The UN states that IVD is
“an opportunity for volunteers, and volunteer organisations, to raise awareness of, and gain recognition for, the contribution they make to their communities”.
This year’s IVD theme of #GlobalApplause seeks to give volunteers around the world the recognition they deserve, while also “giving a hand” to potential volunteers by encouraging them to give up some of their time for others.
Of course, the link between IVD and this debate is that the vast majority of end-of-life palliative care outside hospital is provided by the charitable sector and only partly funded by the NHS. For that reason, people who donate their money to—and, crucially, their time through volunteering with—end-of-life-care charities play an immeasurably important role in ensuring that the majority of us, and our loved ones, will get the right care and support when we are dying. We will need more volunteers as more people die each year and the demand for high-quality palliative and end-of-life care increases, which is something I will return to later.
I have long been an advocate of the need for good palliative care and support to be available to those who need it, but it is as a result of my recent work locally with the charity Marie Curie that I sought this debate. As I am sure all hon. Members will know, Marie Curie has been providing care and support for people living with terminal illness and their families for the last 65 years. It was able to care for more than 40,000 people across the UK in the last year alone, in large part thanks to the support of more than 10,000 volunteers.
In October, I had the absolute privilege of meeting my constituent Don Lowther, who has terminal cancer, and Faye Morrison, a 21-year-old student from Gateshead who has befriended Don through Marie Curie’s helper service. This pioneering service, which has been available in the Tyne and Wear area since last year, matches trained volunteers with people living with terminal illnesses, providing them and their loved ones with companionship, emotional support and practical help with the aim of ensuring that their quality of life is the best it can be in its final stages.
Since last December, Faye has been making regular visits to see Don in his home, and over that time they have developed a close friendship. Faye is able to ensure that Don, who can no longer drive, can still get out of the house to places such as North Shields for fish and chips. Perhaps most importantly, Faye is a non-family member who Don can talk to and share his concerns with. The impact of Faye’s volunteering on Don’s quality of life, and that of his wife’s, is clear to anyone who meets them, but Faye is the first to say that she has—from giving her time and being part of the helper service—gained as much as Don has.
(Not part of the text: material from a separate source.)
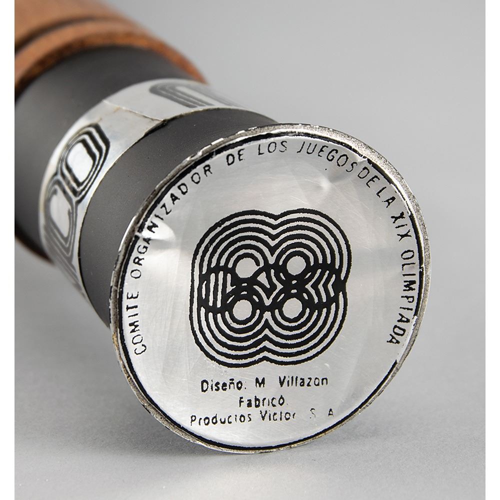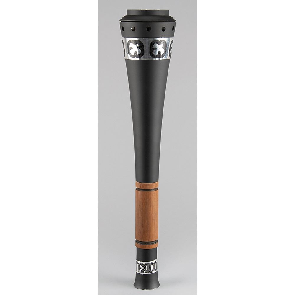 Official ‘Type 4’ torch from the Mexico 1968 Summer Olympics, constructed of black aluminum and a wooden handle, measuring 20.5Ë in length and 4Ë at its widest point. The upper metal ring features a pattern of six doves and the metallic label at the bottom reads “Mexico†twice. The base of the handle bears an affixed label that features the logo of the Games and names the designer, Manuel Villazon. The metallic bands exhibit some rippling, and the metal components are somewhat loose from the wooden handle.

The Marie Curie helper service also helps to co-ordinate local services, enabling people affected by a terminal illness and their families to understand what is happening, and ensuring that they are supported throughout this challenging journey. In the case of Faye and Don, this has involved signposting Don to the services provided by Marie Curie’s Newcastle hospice, which I also heard more about from Lead Nurse Michelle Scott when I recently visited this facility, which is located in the west end of the city in the constituency of my hon. Friend the Member for Newcastle upon Tyne Central (Chi Onwurah).
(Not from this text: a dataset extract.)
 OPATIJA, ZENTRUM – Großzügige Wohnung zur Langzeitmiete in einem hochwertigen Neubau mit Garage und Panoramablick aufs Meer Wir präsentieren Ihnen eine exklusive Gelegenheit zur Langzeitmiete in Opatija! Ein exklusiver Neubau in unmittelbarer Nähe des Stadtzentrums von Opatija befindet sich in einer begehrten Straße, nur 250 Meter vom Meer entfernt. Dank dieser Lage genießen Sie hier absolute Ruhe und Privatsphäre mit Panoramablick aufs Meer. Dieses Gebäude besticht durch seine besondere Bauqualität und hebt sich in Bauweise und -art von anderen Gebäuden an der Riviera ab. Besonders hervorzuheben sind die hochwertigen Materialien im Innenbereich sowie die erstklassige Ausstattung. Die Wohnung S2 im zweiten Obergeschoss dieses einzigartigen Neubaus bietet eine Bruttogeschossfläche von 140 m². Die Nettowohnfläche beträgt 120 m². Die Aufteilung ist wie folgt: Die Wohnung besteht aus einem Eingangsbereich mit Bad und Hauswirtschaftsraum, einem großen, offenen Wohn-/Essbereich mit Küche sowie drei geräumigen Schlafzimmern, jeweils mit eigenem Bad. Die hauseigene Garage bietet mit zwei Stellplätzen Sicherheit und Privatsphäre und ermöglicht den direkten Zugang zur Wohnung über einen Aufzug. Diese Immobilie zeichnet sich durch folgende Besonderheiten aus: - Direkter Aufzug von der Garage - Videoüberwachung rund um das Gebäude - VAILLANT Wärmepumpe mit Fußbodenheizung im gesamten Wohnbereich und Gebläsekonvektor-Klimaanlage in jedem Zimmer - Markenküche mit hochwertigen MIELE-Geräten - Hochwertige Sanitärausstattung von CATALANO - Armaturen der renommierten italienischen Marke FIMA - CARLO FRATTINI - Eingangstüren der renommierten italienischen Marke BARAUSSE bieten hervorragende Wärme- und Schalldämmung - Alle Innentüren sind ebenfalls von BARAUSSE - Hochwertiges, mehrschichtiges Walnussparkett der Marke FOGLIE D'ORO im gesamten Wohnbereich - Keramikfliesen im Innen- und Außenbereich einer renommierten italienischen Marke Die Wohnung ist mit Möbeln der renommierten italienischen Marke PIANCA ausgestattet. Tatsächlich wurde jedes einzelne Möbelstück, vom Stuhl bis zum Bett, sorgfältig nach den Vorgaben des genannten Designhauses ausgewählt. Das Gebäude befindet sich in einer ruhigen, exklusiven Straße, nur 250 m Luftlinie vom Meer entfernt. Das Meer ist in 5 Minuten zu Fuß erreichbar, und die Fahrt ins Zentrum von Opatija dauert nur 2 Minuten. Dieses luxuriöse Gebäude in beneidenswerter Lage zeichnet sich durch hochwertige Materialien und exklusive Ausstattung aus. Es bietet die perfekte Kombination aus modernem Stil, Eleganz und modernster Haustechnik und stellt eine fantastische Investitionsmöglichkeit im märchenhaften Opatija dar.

I saw for myself the newly opened complementary therapy and relaxation area, with its Alnwick garden theme, and the different types of accommodation available to patients and their carers, including for respite care. I learned more about the wide range of medical and nursing care, physiotherapy and occupational therapy available, and about the practical, psychological, emotional and spiritual support provided by the highly experienced hospice team. What I took away most from my visit, however, was the hospice’s absolute dedication to celebrating life and to ensuring that those using its services—whether terminally ill parents with young children or those, such as my constituent Don, who use their day services and activities—receive the best possible support and enjoy the best possible quality of life as their time comes to an end. Don told me he was concerned that once he stepped inside the hospice, he would never leave, but that is just not the case. Thanks to the helper service and Faye, he was signposted to the care and support provided at all stages of terminal illness. That support is not negative about death and dying, but treats them as a part of life. Of course, not all Marie Curie’s nursing care takes place in a hospice setting, because the charity’s nurses also provide overnight care in people’s own homes.
Marie Curie is certainly not the only charitable organisation providing end-of-life care in the Newcastle area. Other vital organisations include Macmillan Cancer Support, with whom I recently had the pleasure of enjoying coffee and cake at the Lemington Centre and St Cuthbert’s Primary School in Walbottle, as well as St Oswald’s hospice in Gosforth, which has worked to
“make the most of time and improve quality of life for everyone in the North East living with an incurable condition, and their families”
for the past 30 years.
Despite the incredible efforts of these charities and the NHS for people who are dying, the risk that they will not get the care that they need to manage their symptoms and to maintain their quality of life until the end of their life is worryingly high. Research undertaken last year by the London School of Economics on behalf of Marie Curie found that a deeply concerning 92,000 people who need palliative care in England each year are not receiving it. That means that one in four people are not getting the good end-of-life care—care for managing pain and other symptoms, alongside psychological, social and spiritual support—that they clearly need.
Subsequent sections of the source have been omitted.